Continued uncertainty around the COVID-19 pandemic’s impacts on local tax revenues has delayed county supervisors’ usual votes on the next annual budget.
Typically, at this point in the year the Board of Supervisors’ finance committee would give County Administrator Tim Hemstreet updated guidance on preparing the next budget. It’s work that county staff members begin almost as soon as the previous budget is adpoted in early April, with supervisors checking in over the course of the year as revenue and expense projections evolve.
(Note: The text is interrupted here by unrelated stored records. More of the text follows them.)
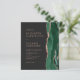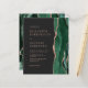 Le bord droit de cette élégante faire-part de mariage moderne est orné d'une bordure en aquarelle vert émeraude bordée d'une parties scintillant en or rose. Le texte personnalisable combine des polices de serif rose rose poussiéreuses, des polices de cuivre et d'italique sur un arrière - plan noir d'ardoise. L'envers est assorti d'une agate d'or vert émeraude et rose.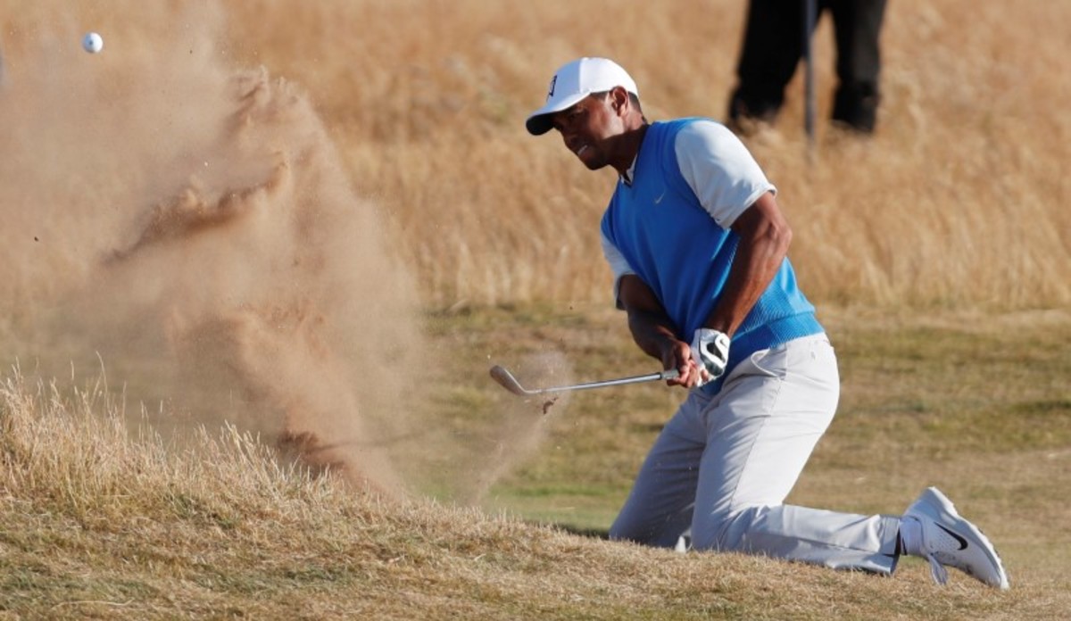 Woods, who was wearing protective black physio tape on his neck, faltered after the turn as Carnoustie's steep-sided pot bunkers took their toll, gobbling up a few errant shots.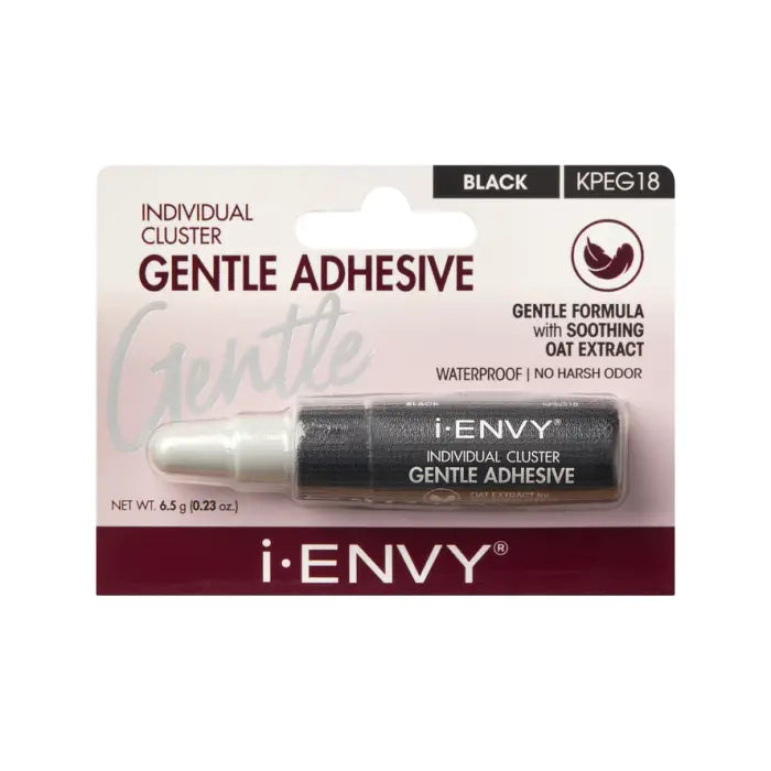 i-ENVY by Kiss Individual Cluster Gentle Lash Adhesive, featuring calming oat extract, offers a waterproof, odor-free formula, providing reliable hold and comfort for all skin types, with precision application for perfect lash placement.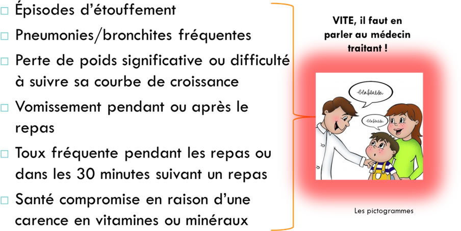 - Difficulté de déglutition ou à avaler, etc.

But those projections are more uncertain than ever with the pandemic. Already, since supervisors held their first vote in October setting targets for the next tax rate, the situation has changed. At that time, the equalized real estate tax rate—the rate at which the average property owner pays the same dollar figure in taxes despite changing property values—was $1.035 per $100 of assessed value, the same as the current tax rate, with a wide gulf between personal and commercial property values. While local tax revenue growth is still below previous years, today that rate is estimated at $1.02, reflecting an improved outlook.
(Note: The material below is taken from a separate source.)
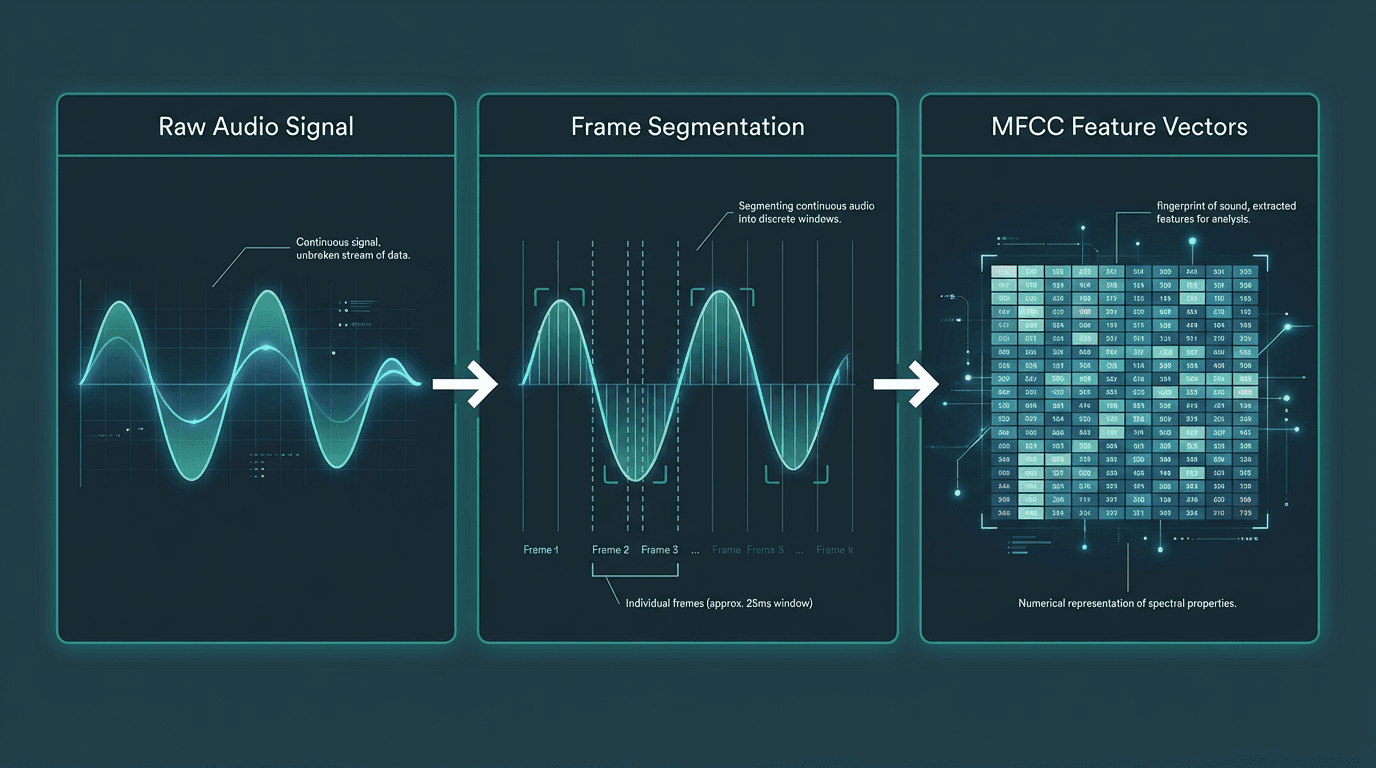 Computers don't 'listen' to audio waves in the same way humans do. They need a mathematical representation of the sound. Feature extraction is the process of converting the cleaned audio signal into a format that a machine learning model can understand. This involves breaking the audio into small, overlapping frames, typically around 25 milliseconds long.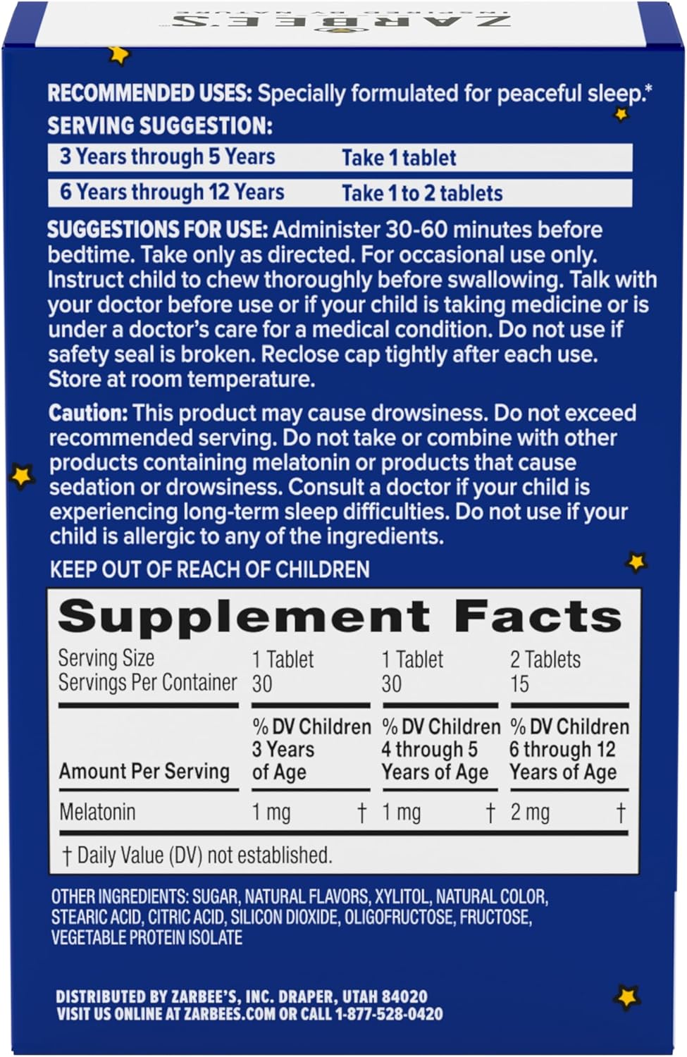- Atrapa de forma segura algunos zzzs: ayude al insomnio ocasional de su hijo con nuestro sabroso y natural sabor a uva, suplemento de melatonina. Cada tableta masticable contiene 1 mg de melatonina clínicamente estudiada para ayudar a promover un sueño tranquilo en niños de más de 3 años

“We’re continuing to see changes in the revenue projections even as we go through this process today,” Hemstreet told supervisors on Dec. 8.
He said he expects to ask supervisors to reaffirm their budget guidance at a Jan. 5 meeting. He said he expects to ask supervisors to vote to prepare a draft budget at the equalized real estate tax rate, with cuts and additions worth 1.5 cents in either direction on the tax rate. Under the current revenue estimates, each penny of the real estate tax rate equates to $9,675,000 in the county budget.
“We do not think it’s going to get any worse,” Hemstreet said. “So, the numbers are just going to continue to improve, is what we think is going to happen.”